HESI RN
HESI RN Exit Exam 2023 Capstone
1. A 30-year-old male client reports difficulty sleeping due to anxiety about his upcoming surgery. What intervention would be most appropriate for the nurse to suggest?
- A. Suggest taking a mild sedative before bed.
- B. Encourage physical activity before bedtime.
- C. Advise listening to calming music before bed.
- D. Recommend reading a book before bed.
Correct answer: A
Rationale: The most appropriate intervention for the nurse to suggest to a 30-year-old male client experiencing difficulty sleeping due to anxiety about his upcoming surgery is to recommend taking a mild sedative before bed. A mild sedative can help manage anxiety and improve sleep in such situations. Encouraging physical activity before bedtime, advising to listen to calming music, or recommending reading a book may not directly address the client's anxiety and may not be as effective in promoting sleep in this scenario.
2. The nurse is teaching a group of clients about managing diabetes. Which of the following should be emphasized as a goal for all diabetics?
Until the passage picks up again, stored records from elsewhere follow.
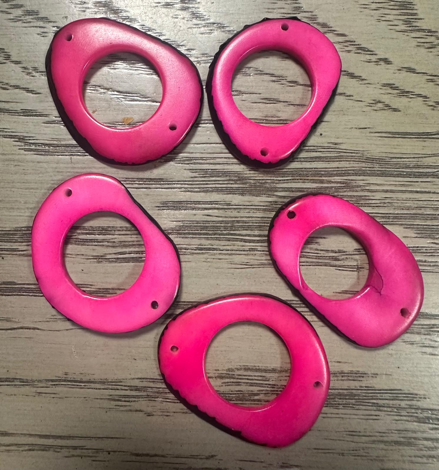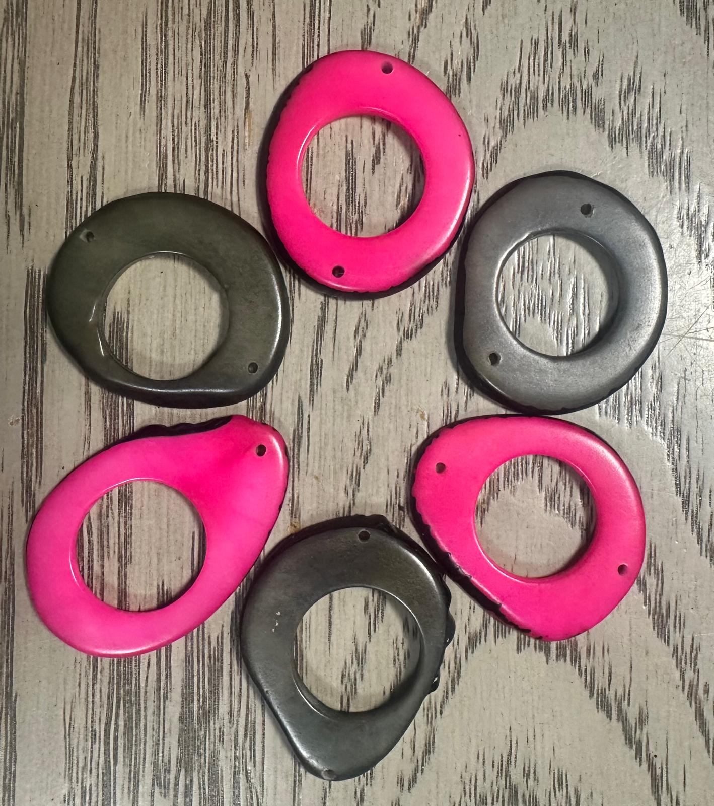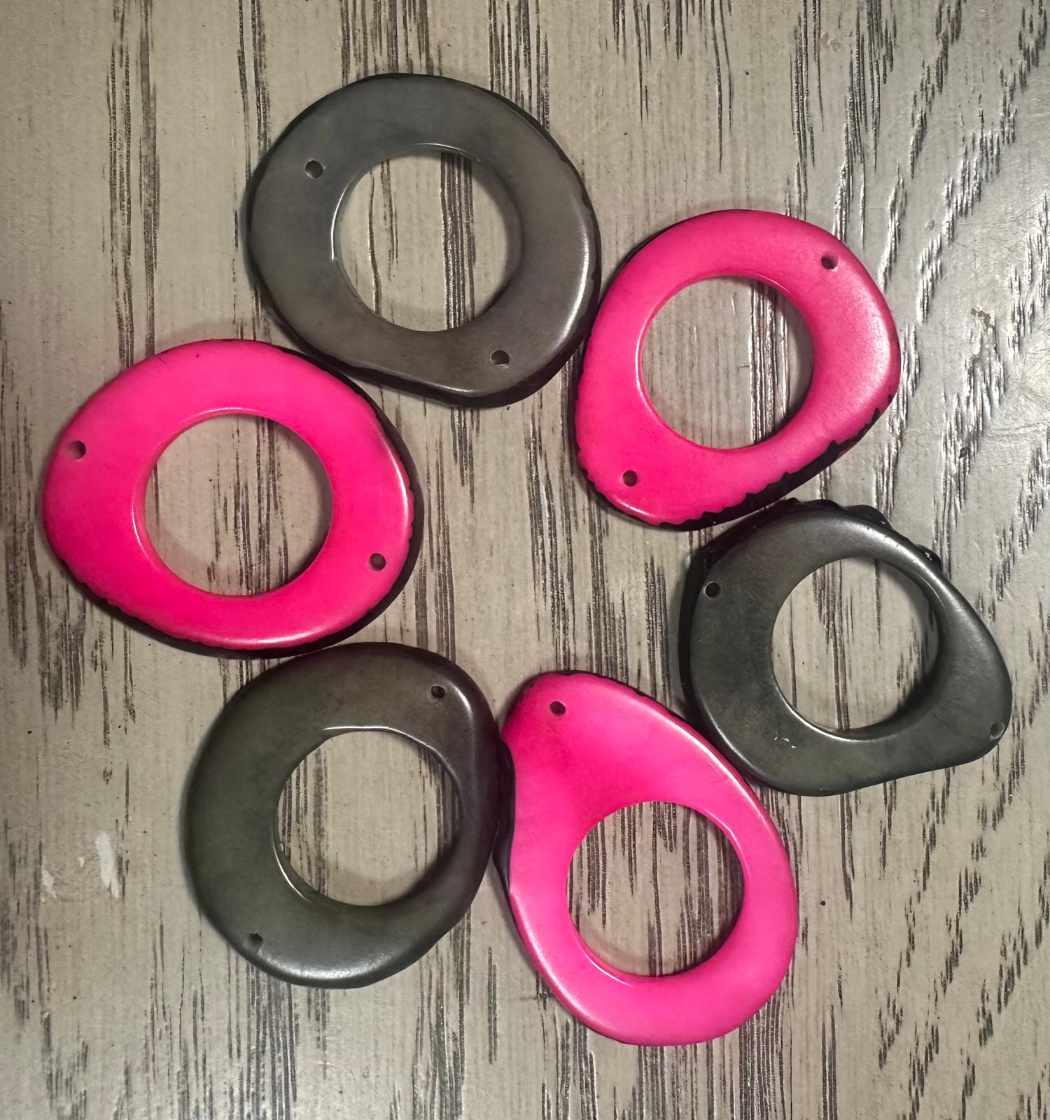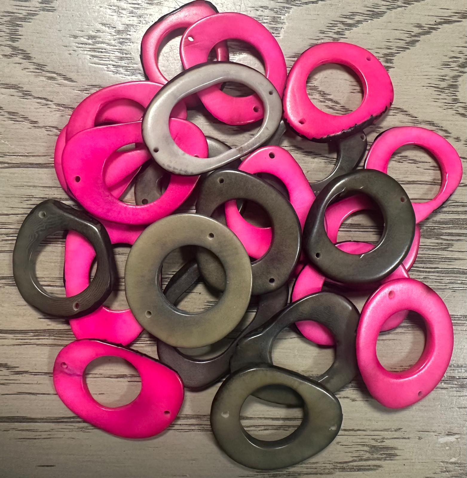 Tagua Hoop Beads. 20 Pink and Grey Pieces.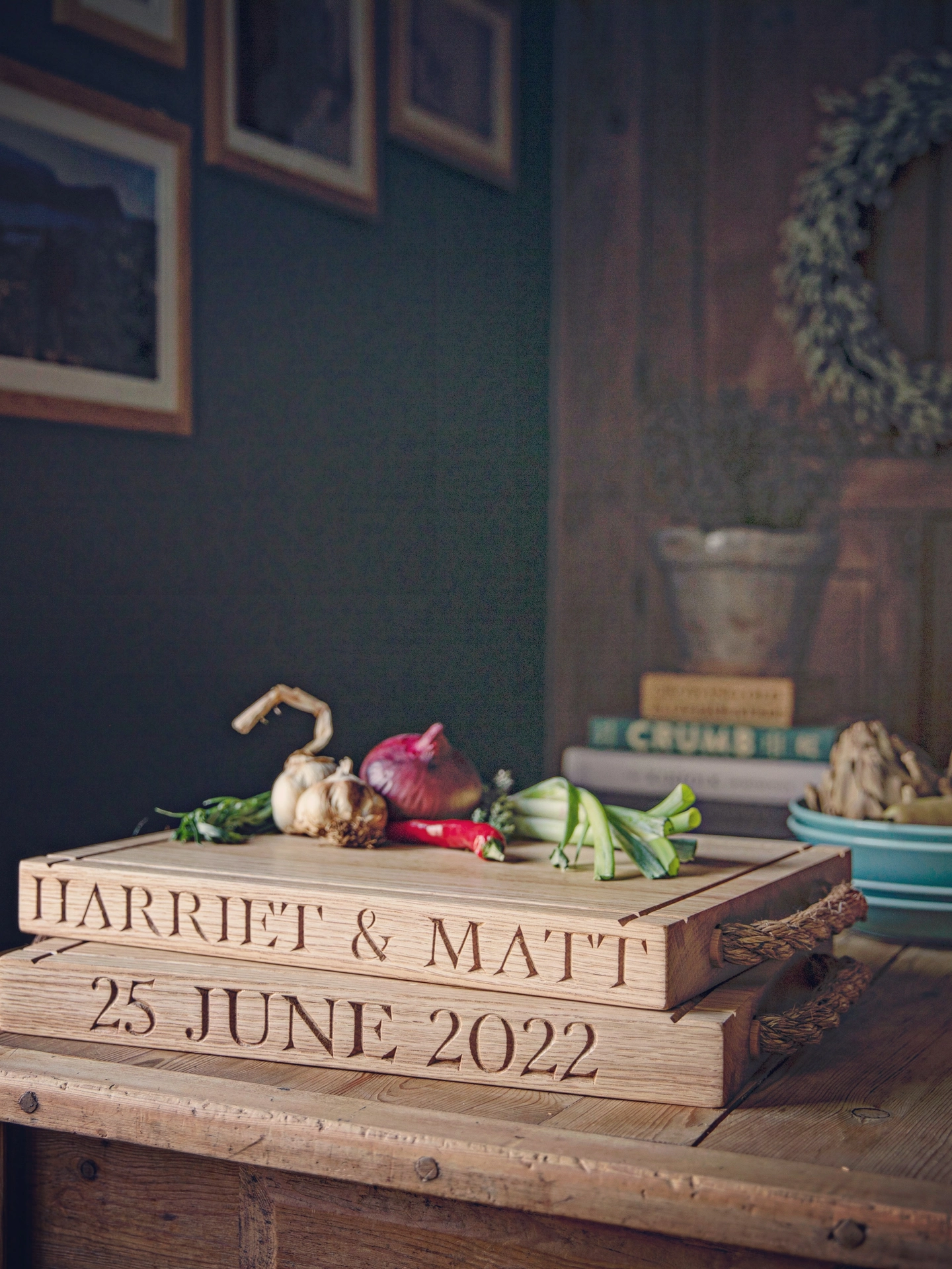 Our oak chopping boards are available in two thicknesses, but we’d recommend the thicker version to make your personalised messages more readable.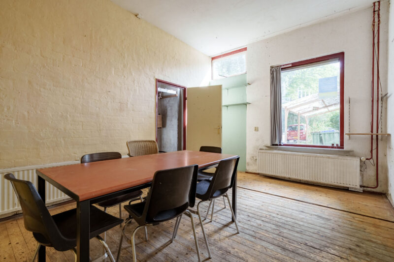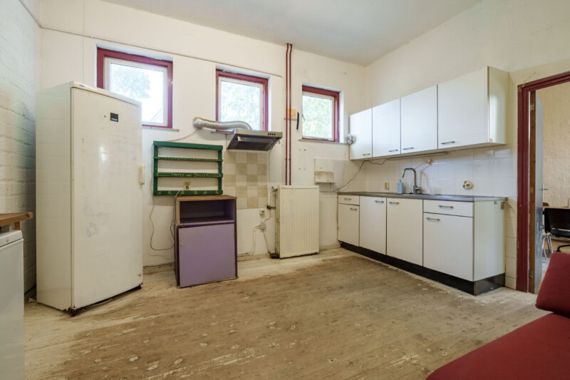 De keuken is voorzien van een keukenblok met kraan. Aansluitend bevindt zich de ruime eetkamer.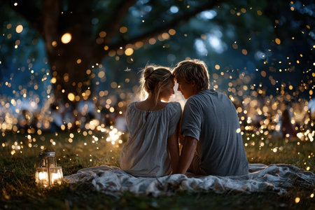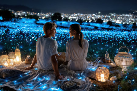 A couple enjoys a cozy picnic on a blanket surrounded by glowing lights in a serene countryside setting.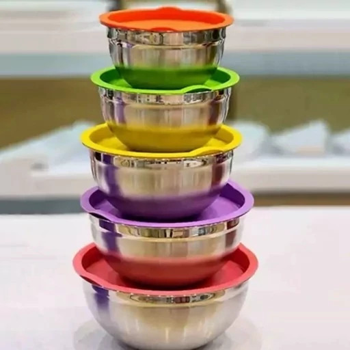 سرویس کاسه لگن 5 تکه استیل درب رنگی درب دار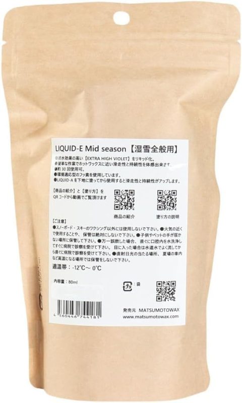 優れた持続性を備えた高フッ素配合のリキッドワックス。トップシーズンの湿雪に適した同ブランドのワックス「EXTRA HIGH VIOLET」を、手軽に塗布できるリキッドタイプにしたモデルです。シーズン始めから3月前半までのきれいな雪で性能を発揮します。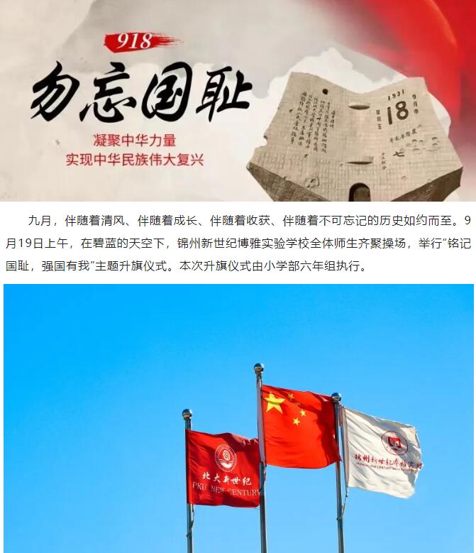 九月,伴随着清风、伴随着成长、伴随着收获、伴随着不可忘记的历史如约而至。9月19日上午,在碧蓝的天空下,锦州新世纪博雅实验学校全体师生齐聚操场,举行“铭记国耻,强国有我”主题升旗仪式。本次升旗仪式由小学部六年组执行...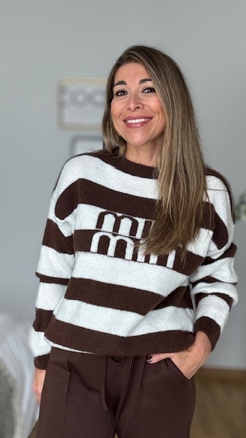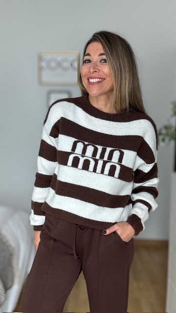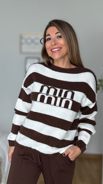 Jersey con estampado rayas en marrón y blanco con dibujo en la parte delantera del jersey. Talla única válida desde la 36 hasta la 44.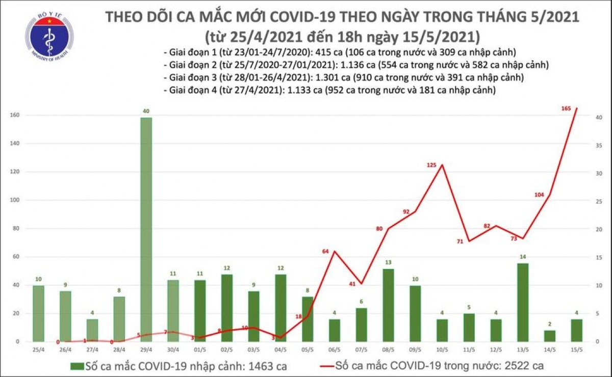Tính đến 18h ngày 15/5, Việt Nam có tổng cộng 2.522 ca ghi nhận trong nước và 1.463 ca nhập cảnh. Số ca mắc mới tính từ ngày 27/4 đến nay là 952 người. Từ 29/4 đến nay, cả nước thực hiện xét nghiệm 482.900 mẫu.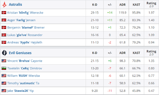 Astralis 2-0 EG(Vertigo 16-9;Overpass 16-8;Nuke)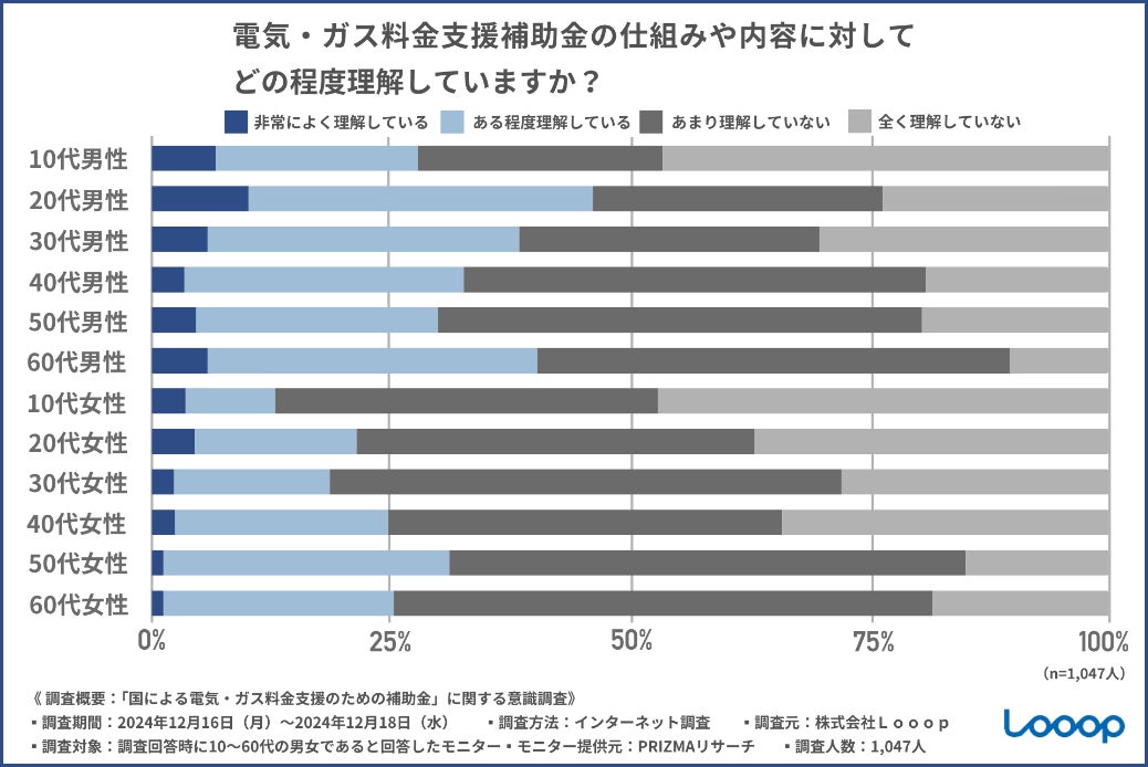 今回の調査では、国による電気・ガス料金支援補助金について、10~60代の男女の認知度や理解度に大きな差があることが明らかになりました。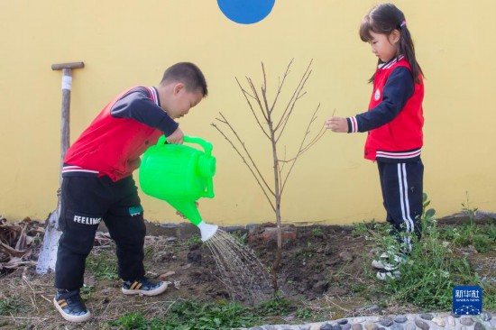 3月11日,在江蘇省海安市南莫鎮(zhèn)中心幼兒園內(nèi),小朋友為栽種的樹苗澆水。
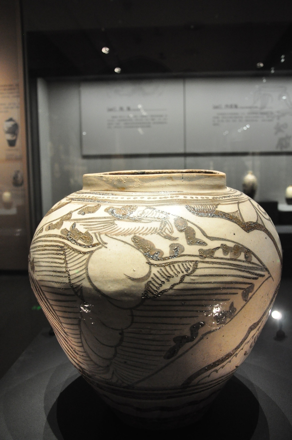 磁州窑是我国北方著名的民窑,位于今河北省南部的磁县和峰峰境内,因古代地属磁州而得名。磁州窑瓷器陈列共四个部分:第一部分 开篇序章——精美厚重的青瓷。第二部分 历史巅峰——白与黑的竞演。第三部分 北方瓷都——彭城窑大放异彩。第四部分 雅俗共赏——青花五彩瓷兴起。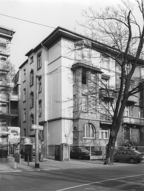 Mietshaus von 1912 nach Entwurf von F. A. C. Weber mit Jugendstilelementen; ehem. gemeinsames Mansarddach mit Thüringer Straße 1.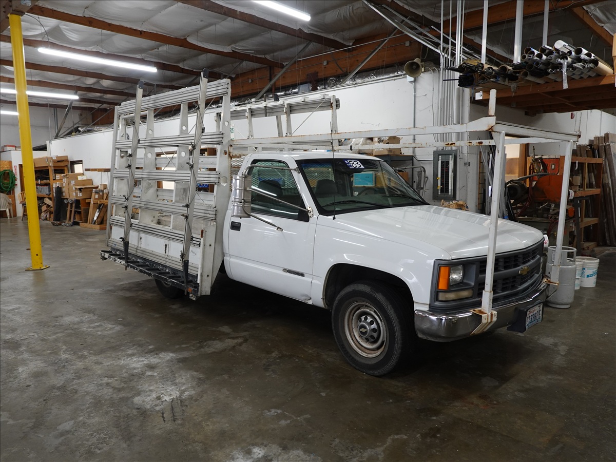 9' GLASS TRUCK, V8, AUTO, GAS, A/C, ODOMETER READS: 179,054 (CRACKED WINDSHIELD, INTERIOR DOOR HANDLE BROKE)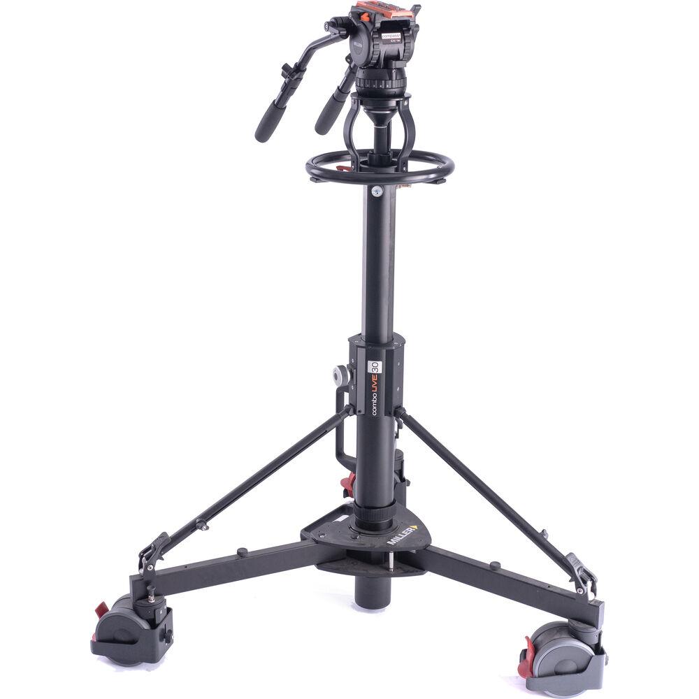 The Combo Live 30 Pedestal System from Miller is a lightweight pedestal and floor dolly system for 100mm ball fluid heads. With an adjustable air column system for quick payload balancing, the pedestal features a 31.8 to 54.1" height adjustment and a load capacity of 66 lb. Dual ball bearing wheels individually fitted with axial brakes deliver even and smooth movement, with multiple wheel locking positions for linear or radius dolly tracking. The Combo Live 30 is simple and easy to set up and use with a drag control knob pressure column and a lock lever pressure column. It is also compact and portable with a carry handle for the column and dolly.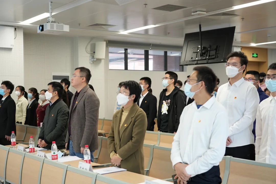 会议伊始,全体师生起立共同奏唱国歌和团歌。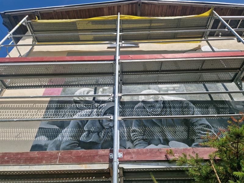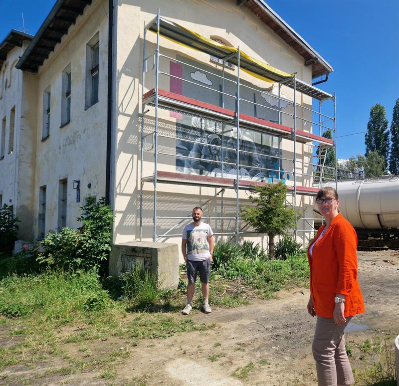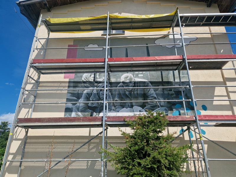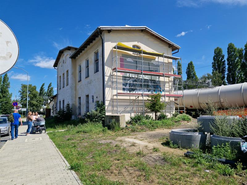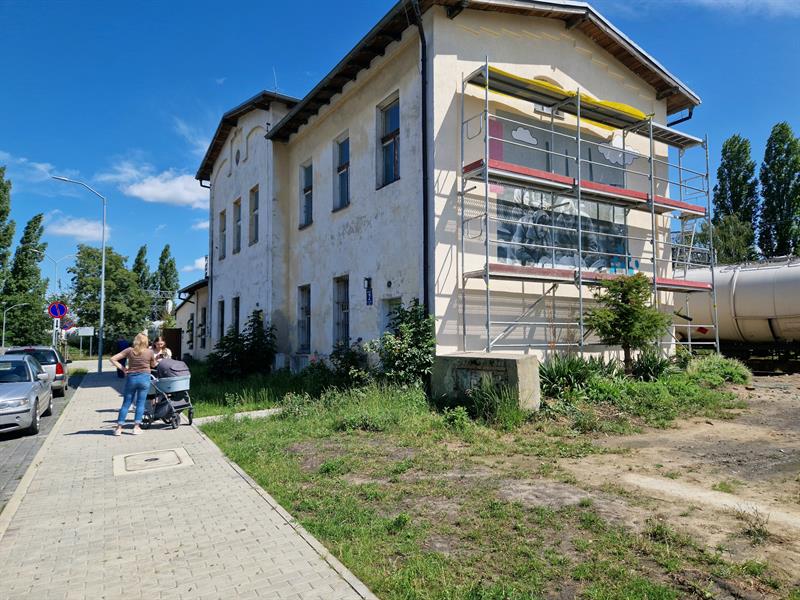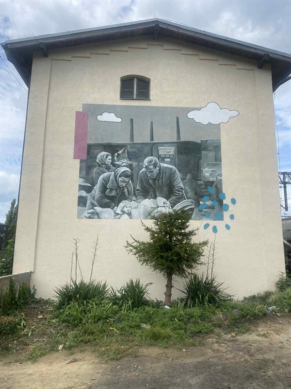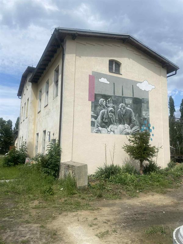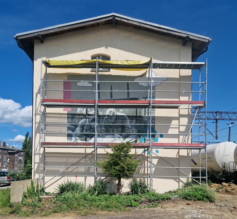 To kolaż trzech archiwalnych fotografii, który ma przypominać o pierwszych mieszkańcach powojennego, polskiego Stołczyna. Został namalowany na ścianie budynku dawnej stacji kolejowej - w miejscu, gdzie obecnie działa Izba Pamięci Stołczyna. Jak mówią autorzy muralu, ma on przede wszystkim opowiadać historię północnych dzielnic Szczecina po 1945 roku, ale również prowokować do refleksji i osobistych, rodzinnych opowieści. W środę 16 lipca zakończyły się ostatecznie prace nad projektem.

- A. Frequent exercise and weight control
- B. Prevent eye damage
- C. Keep insulin refrigerated at all times
- D. Prevent the development of complications
Correct answer: A
Rationale: The correct answer is A: Frequent exercise and weight control. These should be emphasized as a goal for all diabetics because they help prevent complications and manage blood sugar levels. Regular physical activity and maintaining a healthy weight are crucial in managing diabetes as they can improve insulin sensitivity, regulate blood sugar levels, and reduce the risk of cardiovascular complications. Choice B, preventing eye damage, is important but is more specific to diabetic retinopathy and not a general goal for all diabetics. Choice C, keeping insulin refrigerated, is essential for insulin storage but not a primary goal for all diabetics. Choice D, preventing the development of complications, is too broad and does not provide a specific actionable goal for all diabetics.
3. A client with chronic obstructive pulmonary disease (COPD) is admitted with increasing shortness of breath. What is the nurse's priority action?
- A. Administer oxygen via nasal cannula.
- B. Reposition the client to improve breathing.
- C. Perform chest physiotherapy.
- D. Encourage the client to cough and deep breathe.
Correct answer: A
Rationale: The correct answer is A: Administer oxygen via nasal cannula. Oxygen therapy is the priority intervention for a client with COPD experiencing increasing shortness of breath. It helps improve oxygenation and relieve respiratory distress. Choice B is not the priority as oxygenation needs to be addressed first. Choice C, chest physiotherapy, may be beneficial but is not the immediate priority in this situation. Choice D, encouraging the client to cough and deep breathe, is not the priority intervention when oxygenation is compromised.
4. A client with chronic kidney disease has a potassium level of 6.2 mEq/L. Which intervention should the nurse implement?
- A. Encourage the client to eat foods rich in potassium
- B. Administer a potassium-sparing diuretic
- C. Administer a potassium-binding medication
- D. Hold all medications containing potassium
Correct answer: C
Rationale: A potassium level of 6.2 mEq/L indicates hyperkalemia, which is dangerous and requires immediate treatment. Administering a potassium-binding medication will help lower potassium levels and prevent life-threatening complications.
5. Which client is at greatest risk for developing delirium?
- A. An adult client who cannot sleep due to pain.
- B. An older client who attempted suicide 1 month ago.
- C. A young adult taking antipsychotic medications twice daily.
- D. A middle-aged woman using supplemental oxygen.
Correct answer: B
Rationale: The correct answer is B. Older adults who have attempted suicide are at higher risk for developing delirium, especially in the context of underlying mental health conditions. Choice A is incorrect as sleep disturbances due to pain may lead to discomfort but not necessarily delirium. Choice C is incorrect as taking antipsychotic medications, if managed well, does not inherently increase the risk of delirium. Choice D is incorrect as using supplemental oxygen alone does not significantly increase the risk of developing delirium.